Problem: I would like the lines below, from the one with "www.on-the-move.org の編集長を務めている。2008年はInternational Foundations" through the one with "Figura 13: A", copied exactly and without any pictures.

Given entries:
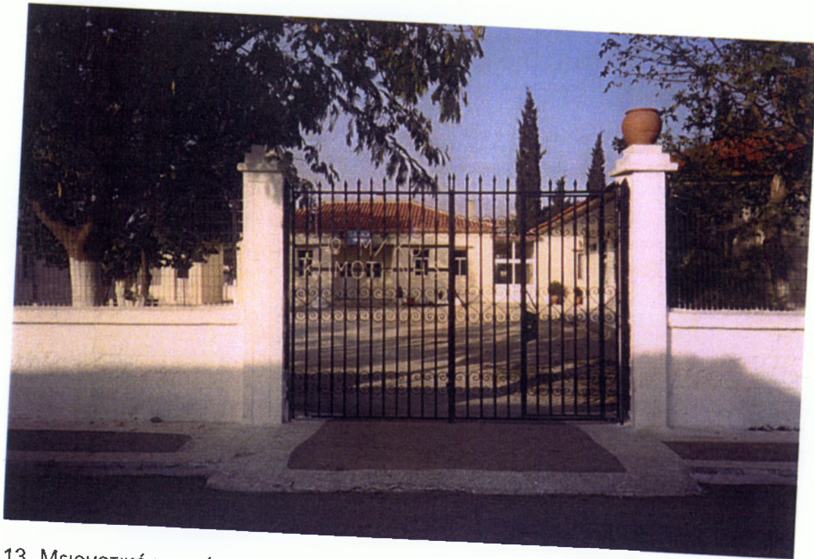
13. Μειονοτικό γυμνάσιο στον οικισμό Ήφαιστο στην Κομοτηνή.
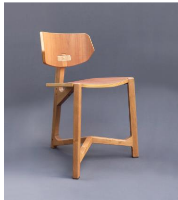
Imagen 10: Silla Ika-Ernesto Torreano
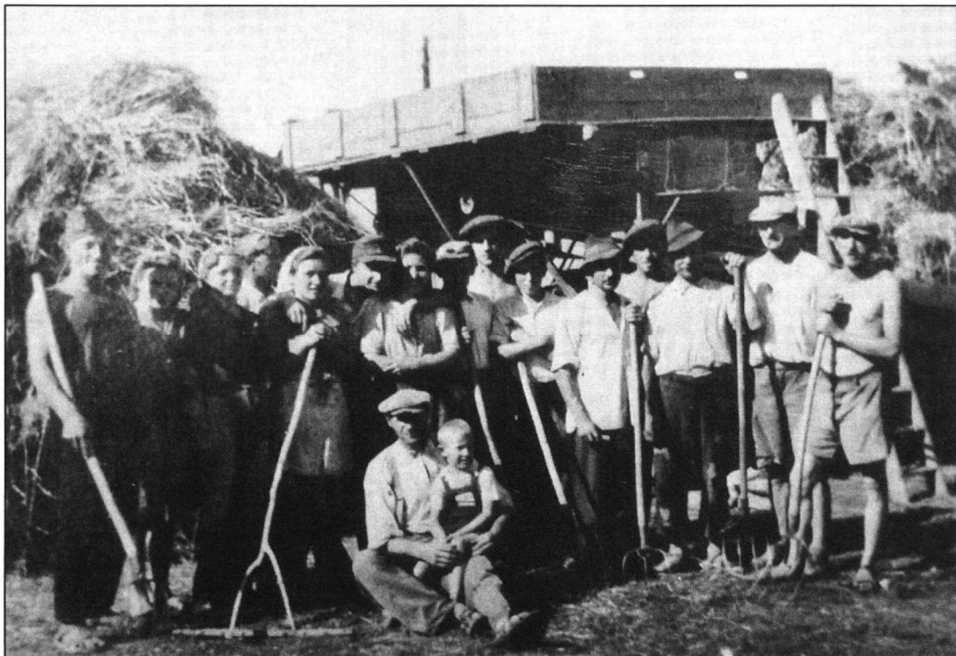
Cséplőbrigád az 1950-es évek elején
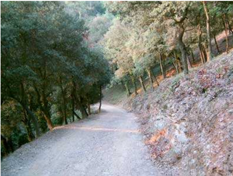
Ladera del Turó de l'Alzinar
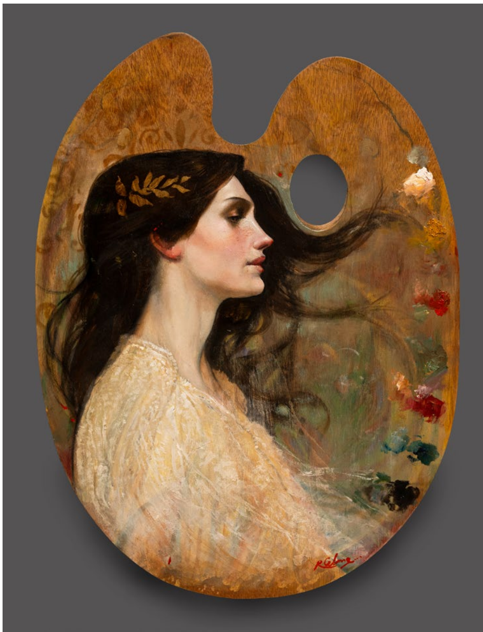
PALETA DE VERANO óleo sobre madera . 40 x 30 cm . 2023
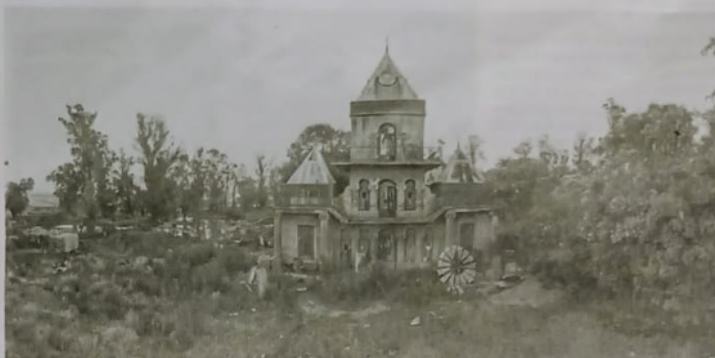
El Castillo Zubiaurre, proyecto frustrado por un amor no correspondido
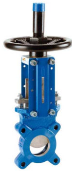
fig 380 plaatafsluiter / flenzen PN10 huis gietijzer + rilsan coating plaat en spindel RVS304 1-zijdig dichtend DN50 - DN800 NBR dichting : temp. : -10°C/+80°C bediening met handwiel, niet stijgend stijgende spindel fig 380M : metaaldichtend
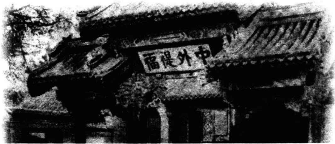
清处理洋务的办事机构——总理衙门

把欧洲人称为“夷”，自然反映了中国传统的自尊自大观念。为此曾引起一些来华的洋人们的不满。还在1832年，英国东印度公司职员胡夏米，因上海的地方官员给他的批文中有“该夷”字样，便上书
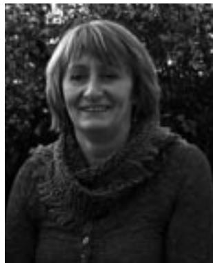
ジュディス・ステインズ (Judith Staines)

作家・研究者。イギリスを拠点として、EU文化協力、国際モビリティ分野を専門とする。IETMをはじめ、EU文化協力プロジェクトに参加し、舞台芸術国際モビリティのサイト www.on-the-move.org の編集長を務めている。2008年はInternational Foundations and Networks initiatives の研究者として活動。著書には、EU・ロシア間の文化財の移動について、またイギリス内のヴィジュアル・アーティスト向けハンドブックなどがある。
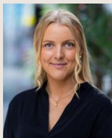
Pop-up uthyrning Isabel Tingelholm

Leasing Manager +46 8 562 532 39 anders.ohlsson@citycon.com
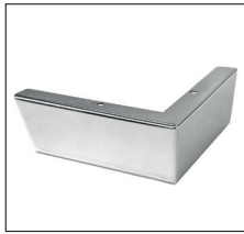
C 250 (H 6,5 cm) Chrom
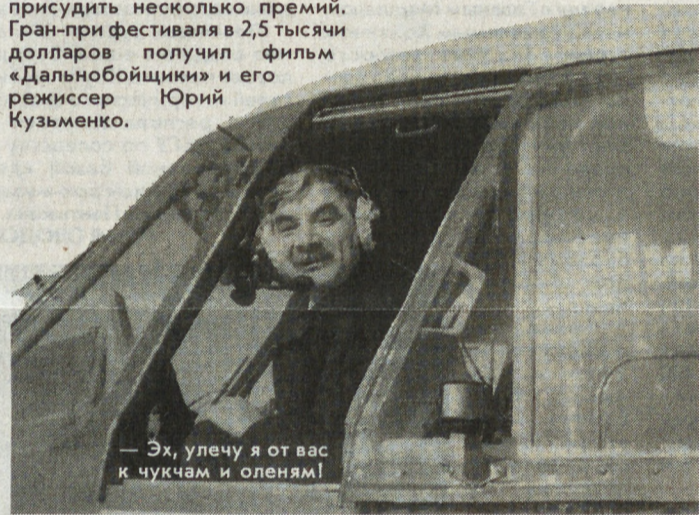
— Эх, учелу я от вас к чукчам и оленям!
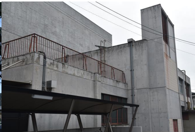
井原市民会館別館外観
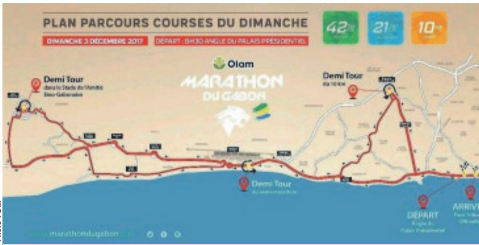
Le plan du parcours de la course de dimanche

Classé troisième au semi-marathon lors de l'édition précédente, le Gabonais Serge Ikapi, qui se veut être un conseiller et tête de
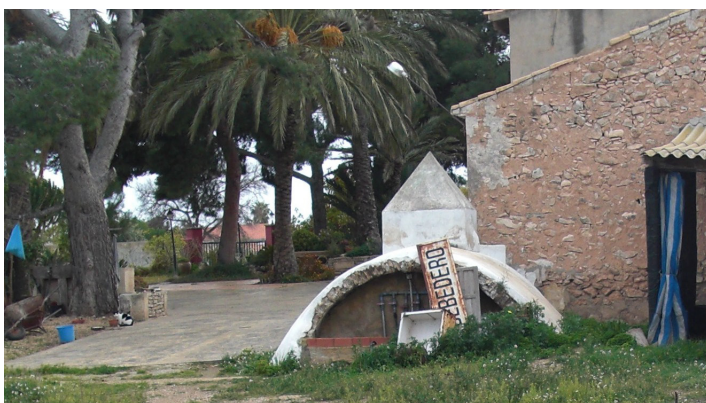
Aljub de Casa Quelo

Després l'itinerari segueix pel Camí dels Jovers fins a trobar el Vial dels Holandesos, topònim que respon a l'antic projecte de fixar turistes d'eixa nacionalitat en l'espai que hui es denomina Villamontes
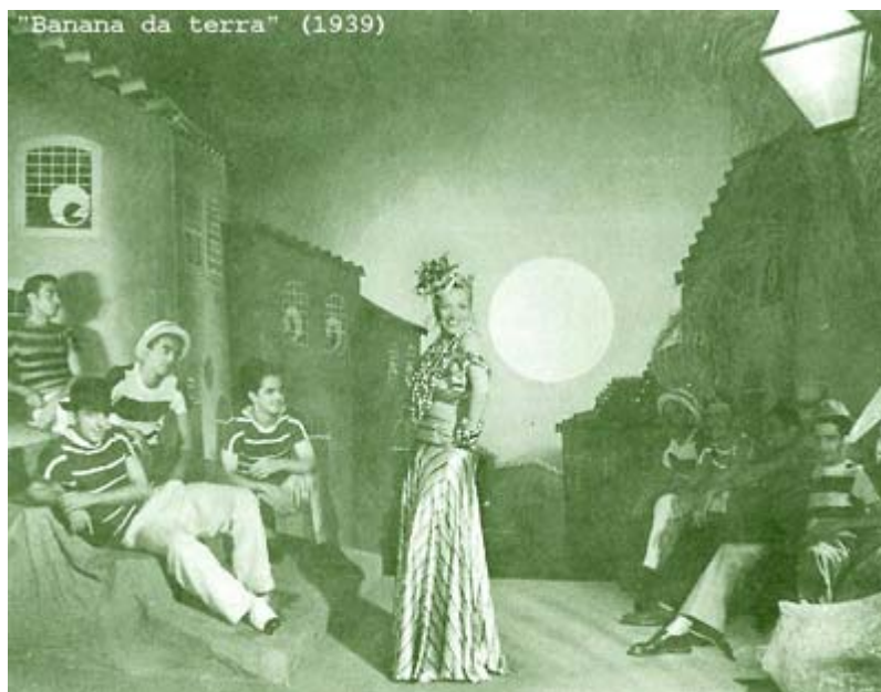
Figura 13: A primeira baiana de Carmen Miranda, no filme Banana da terra , de 1939. (FERREIRA, Felipe. O livro de ouro do Carnaval brasileiro . Rio de Janeiro: Ediouro, 2004, p. 259)

Carmen soube aproveitar ao máximo tudo o que esta indumentária tinha a lhe oferecer. Com grande senso de oportunidade, a artista provavelmente intuiu que vestir baianas extravagantes (e apelar para o humor) seria uma grande estratégia para o sucesso de sua carreira norte-americana. Quando foi para os Estados Unidos, Carmen declarou que, em sua bagagem, levava os seus grandes trunfos:

Written response:
作家・研究者。イギリスを拠点として、EU文化協力、国際モビリティ分野を専門とする。IETMをはじめ、EU文化協力プロジェクトに参加し、舞台芸術国際モビリティのサイト www.on-the-move.org の編集長を務めている。2008年はInternational Foundations and Networks initiatives の研究者として活動。著書には、EU・ロシア間の文化財の移動について、またイギリス内のヴィジュアル・アーティスト向けハンドブックなどがある。
Pop-up uthyrning Isabel Tingelholm

Leasing Manager +46 8 562 532 39 anders.ohlsson@citycon.com
C 250 (H 6,5 cm) Chrom
— Эх, учелу я от вас к чукчам и оленям!
井原市民会館別館外観
Le plan du parcours de la course de dimanche

Classé troisième au semi-marathon lors de l'édition précédente, le Gabonais Serge Ikapi, qui se veut être un conseiller et tête de
Aljub de Casa Quelo

Després l'itinerari segueix pel Camí dels Jovers fins a trobar el Vial dels Holandesos, topònim que respon a l'antic projecte de fixar turistes d'eixa nacionalitat en l'espai que hui es denomina Villamontes
Figura 13: A primeira baiana de Carmen Miranda, no filme Banana da terra , de 1939. (FERREIRA, Felipe. O livro de ouro do Carnaval brasileiro . Rio de Janeiro: Ediouro, 2004, p. 259)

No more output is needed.